AI's environmental footprint is growing rapidly, with energy-hungry models and short-lived hardware creating urgent sustainability challenges that require both technical solutions and cultural shifts.
Green IT focuses on reducing IT's environmental footprint by rethinking how we build, deploy, and power IT systems. This includes everything from energy-efficient hardware and optimized code to data center design and software architecture decisions that minimize resource use.
AI is creating unprecedented environmental challenges without corresponding governance. Generative AI requires constant and significant computational power even for inference time, that is, usage time, when you prompt the system. This translates directly to energy consumption. Every time someone uses a chatbot, generates text or images, or triggers any generative AI feature, it consumes enormous amounts of energy. Constant inference is becoming a massive energy sink as AI features proliferate.
Due to the usage of AI, hardware churn is accelerating. GPU chips typically last only 2-3 years. AI is not free, but users are shielded from the costs. There's a complete lack of transparency; users don't see the environmental costs behind each query, so there's no natural restraint.
What's most concerning is how teams deploy AI features without questioning if they're truly necessary. We're scaling by default rather than by design, and even Europe's first regulatory frameworks, such as the EU AI Act, fall short on these sustainability impacts by only considering energy consumption, with no clear enforcement mechanisms.
According to the literature, reducing the impact of artificial intelligence on the environment will have to come from improvements in model compression, quantization, novel architectures, and hybrid strategies. Some examples include Retrieval-Augmented Generation, Small Language Models, and combining offline with online inference. But technology alone is not enough.
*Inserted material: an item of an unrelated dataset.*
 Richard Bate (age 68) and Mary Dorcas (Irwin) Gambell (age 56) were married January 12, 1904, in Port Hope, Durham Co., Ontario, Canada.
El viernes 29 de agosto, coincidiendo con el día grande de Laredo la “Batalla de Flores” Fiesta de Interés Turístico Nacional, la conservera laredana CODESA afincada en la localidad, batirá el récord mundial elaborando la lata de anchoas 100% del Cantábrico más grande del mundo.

We have been designing digital systems for a stable world, a world that no longer exists. Today, the climate crisis is reshaping our assumptions about scale, cost, and resilience. It is time to rethink our assumptions. Sustainability is not just an opportunity to redefine technology. It is a constraint we must now build within, just like latency or scalability.
What's Changed Since Last Year
At QCon London 2025, I argued that the majority of AI's environmental impact reduction would come from model creation improvements (compression, quantization, and novel architectures) while inference-phase interventions (AI literacy, appropriate model selection, inference budgeting, compute constraints, and AI governance integrating FinOps and GreenOps) represented necessary but secondary work. This assessment has proven incomplete.
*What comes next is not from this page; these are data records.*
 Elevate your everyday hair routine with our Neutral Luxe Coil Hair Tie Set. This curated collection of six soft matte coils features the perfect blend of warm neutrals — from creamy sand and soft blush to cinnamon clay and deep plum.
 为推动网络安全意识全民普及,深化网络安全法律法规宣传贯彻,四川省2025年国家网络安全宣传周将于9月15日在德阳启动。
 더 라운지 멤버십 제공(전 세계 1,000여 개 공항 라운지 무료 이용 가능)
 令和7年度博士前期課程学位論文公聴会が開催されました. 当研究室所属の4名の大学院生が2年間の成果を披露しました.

Emerging evidence indicates that for massively deployed consumer AI services, cumulative inference energy consumption can exceed one-time training costs within months of deployment. Technical efficiency gains from compression and quantization have materialized, typically delivering 2-4x improvements in inference efficiency. Available data suggests these improvements have coincided with exponential growth in inference volumes rather than absolute consumption reductions.
Publicly documented adoption of inference governance mechanisms remains rare. The pattern is consistent with rebound effect predictions: efficiency improvements enable expanded deployment and new use cases rather than reduced overall consumption.
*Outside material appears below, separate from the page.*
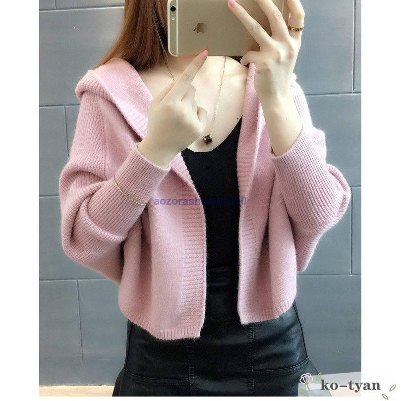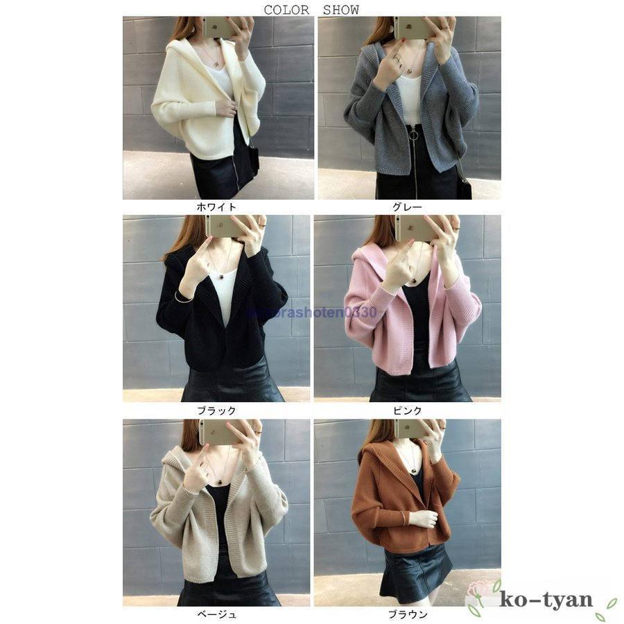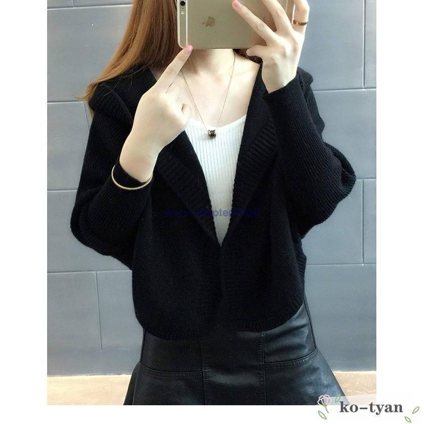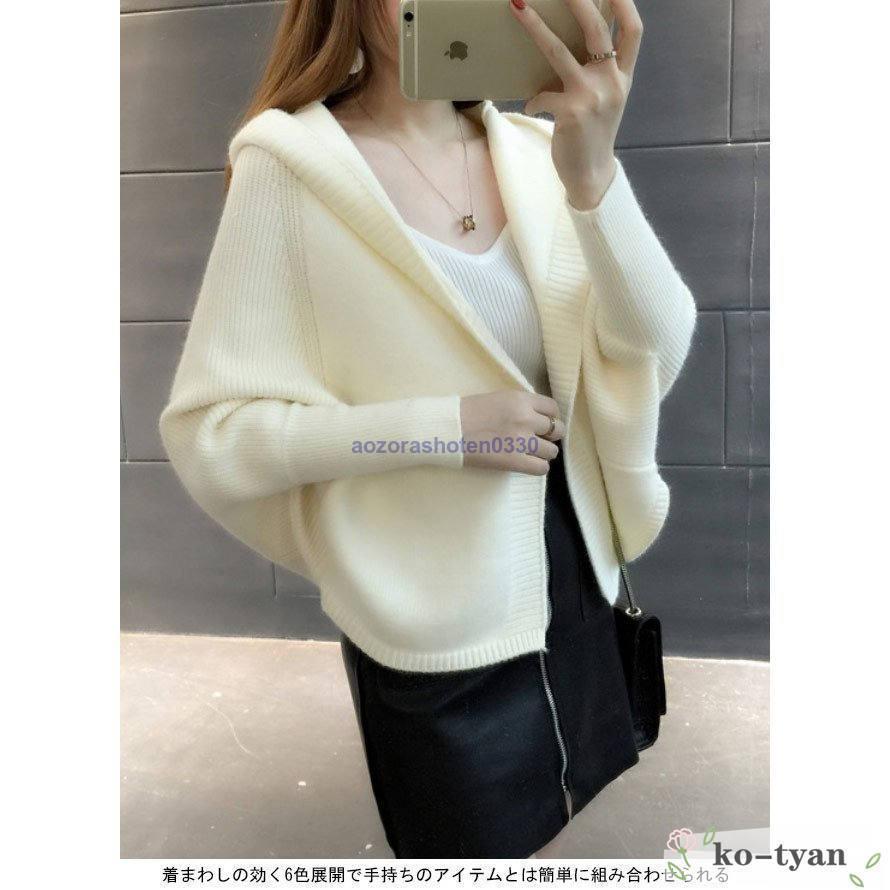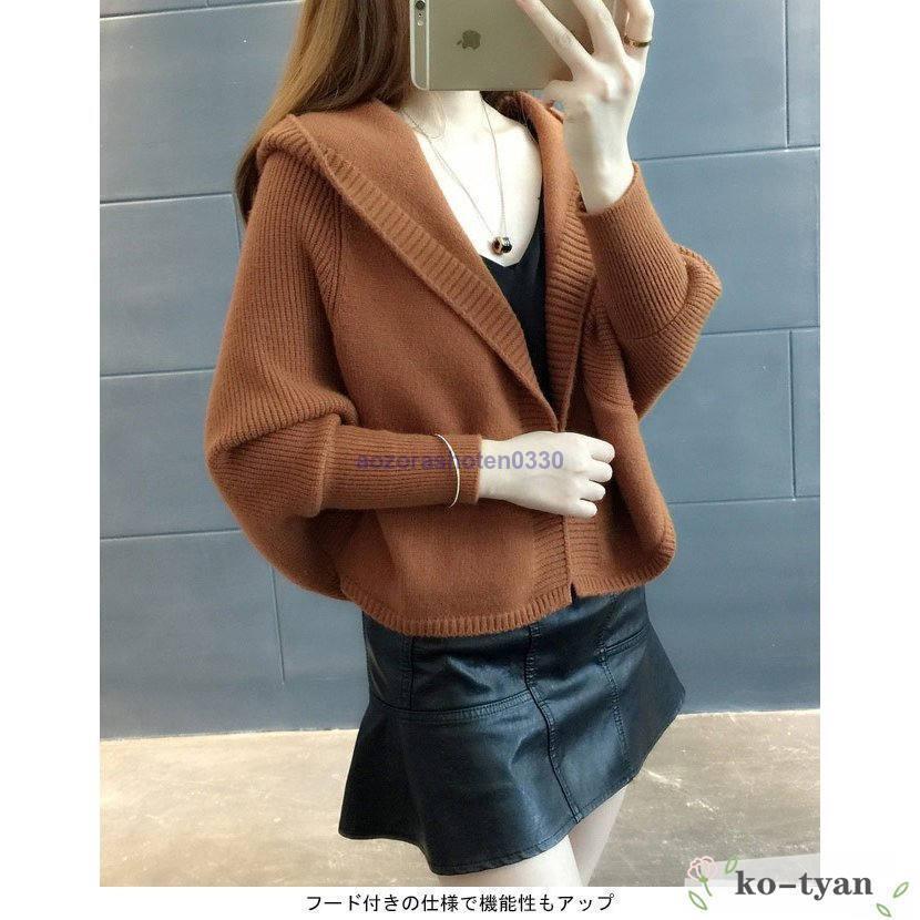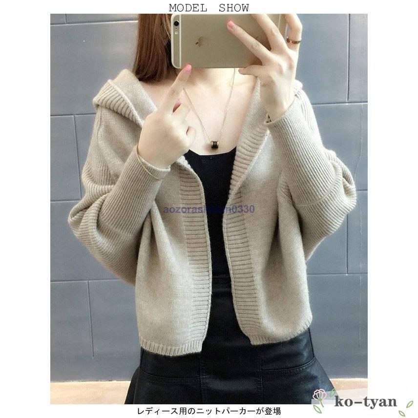 ニットカーディガン レディース ニット パーカー ドルマンスリーブ ノーボタン フード付き 女性用 アウター 春秋物 ライトアウター

The critical insight: technical optimizations deployed without complementary inference-phase governance mechanisms - budgeting, decision frameworks, appropriate model selection - risk accelerating rather than mitigating environmental impact through broader AI adoption.
Practical Steps Organizations Can Take
At Bpifrance, we are working to make the environmental costs of AI more visible and manageable. Through our Green IT working group, we have been exploring tools like Ecologits, LiteLLM, and Langfuse to help teams monitor, budget, and steer AI usage more effectively.
We are also focusing on building a cultural shift within the organization. With my PromptSage GPT project, I am building AI literacy, helping teams understand that thoughtful prompting is not just about better results; it is also a sustainability practice. Using AI more intelligently reduces unnecessary computation.
This is why I encourage product teams to take ownership of their usage impact and to embed environmental telemetry into the products.
Driving Successful Green IT Transformations
We already have many of the technical solutions. What we often lack is the shift in perspective. Start by asking different questions. Not just "Can we build it?" but "Should we?" Not just "How fast?" but "At what cost?" These questions open the door to more sustainable decisions.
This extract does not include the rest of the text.